The selloff came after Nvidia announced a brutal $5.5 billion quarterly charge. The company said it was tied to U.S. restrictions on sending its H20 graphics chips to China and other countries.

The update from Nvidia came in a filing where it explained the U.S. government now requires a special license for any exports of its chips to China. That announcement hit investor confidence like a truck. Nvidia tanked 6%, wiping out billions from its market cap in a matter of hours. And that wasn’t even the end of it.

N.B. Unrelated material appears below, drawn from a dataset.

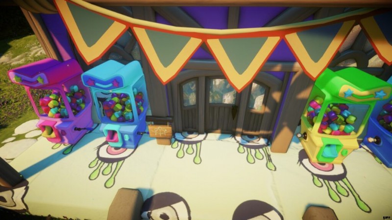 Beachten Sie, dass nur die hier abgebildeten rosa und grünen Verkaufsautomaten zufällig Hüte fallen lassen – die blauen Automaten werden stattdessen seltene Perücken/Frisuren und Farbstoffe fallen lassen. (Natürlich besteht immer die Möglichkeit, dass Sie von einem der Automaten nur einen Trostpreis erhalten, das können zum Beispiel Schlüssel oder Batterien sein.)

The effects dragged down the entire chip sector. The VanEck Semiconductor ETF (SMH) dropped nearly 4%. AMD fell more than 6%. Micron Technology lost 3%. On top of that, ASML’s U.S.-listed shares dumped more than 5% after it posted weak earnings. That pileup of bad news set fire to tech stocks.

Tech bleeds as Nvidia wipes out confidence

Big tech got crushed right alongside chips. CNBC’s Magnificent Seven Index — which tracks companies like Meta, Alphabet, and Tesla — dropped more than 2%. Meta Platforms fell over 2%. Alphabet and Tesla both dropped more than 1%.

That drop came while investors tried to make sense of ongoing trade fights. Over the weekend, President Donald Trump said smartphone and PC imports would be temporarily exempt from the tariffs. He later hinted that even that exemption might be canceled soon.

Dow Jones drops 300 points, S&P 500 falls 1.4%, Bitcoin losses 3% as Nvidia keeps crashing.

This isn’t new chaos. Since Trump’s administration revived its “reciprocal” tariff push on April 2, stocks have taken a beating. The S&P 500 and Nasdaq Composite are both down around 6% since then. The Dow has lost about 5%.

Bitcoin falls 3% as risk turns investors away

Bitcoin hasn’t been spared either, as the king crypto dropped by 3% on Wednesday to $83,725, and it’s still only up around 1% for the month. Last week, Bitcoin looked like it was holding its ground compared to stocks, but that didn’t last.

The sharp moves started after Trump first laid out his tariff plans on April 2. Since then, the S&P 500 lost almost 4%. Gold surged 6% as investors ran to safer ground. But Bitcoin didn’t pop like gold. Instead, it barely moved. That has crypto traders confused.

Mike Novogratz, CEO of Galaxy, said on CNBC’s “Squawk Box” that Bitcoin usually responds to global instability, unless fear shuts off demand. “Bitcoin broadly does well with these kind of macro conditions, unless there’s this kind of risk off,” Mike said. “There are always two vectors in bitcoin: one is the macro story, which you’re seeing play out in gold. The other is the adoption story.”

He added that volatility scares away potential buyers. “Because bitcoin is such a young asset, the adoption story needs more calm. When there’s this kind of chaos, the new buyers disappear and that’s what we’ve broadly seen. We’ve seen very few new buyers.”

Novogratz said Bitcoin’s place in the “Mag 8” isn’t set in stone. It might be grouped with tech now, but it doesn’t act like a hedge. Research firm Bernstein said Bitcoin is trading like a tech stock, not a safe haven. That’s made the price swing just like Nvidia and the others.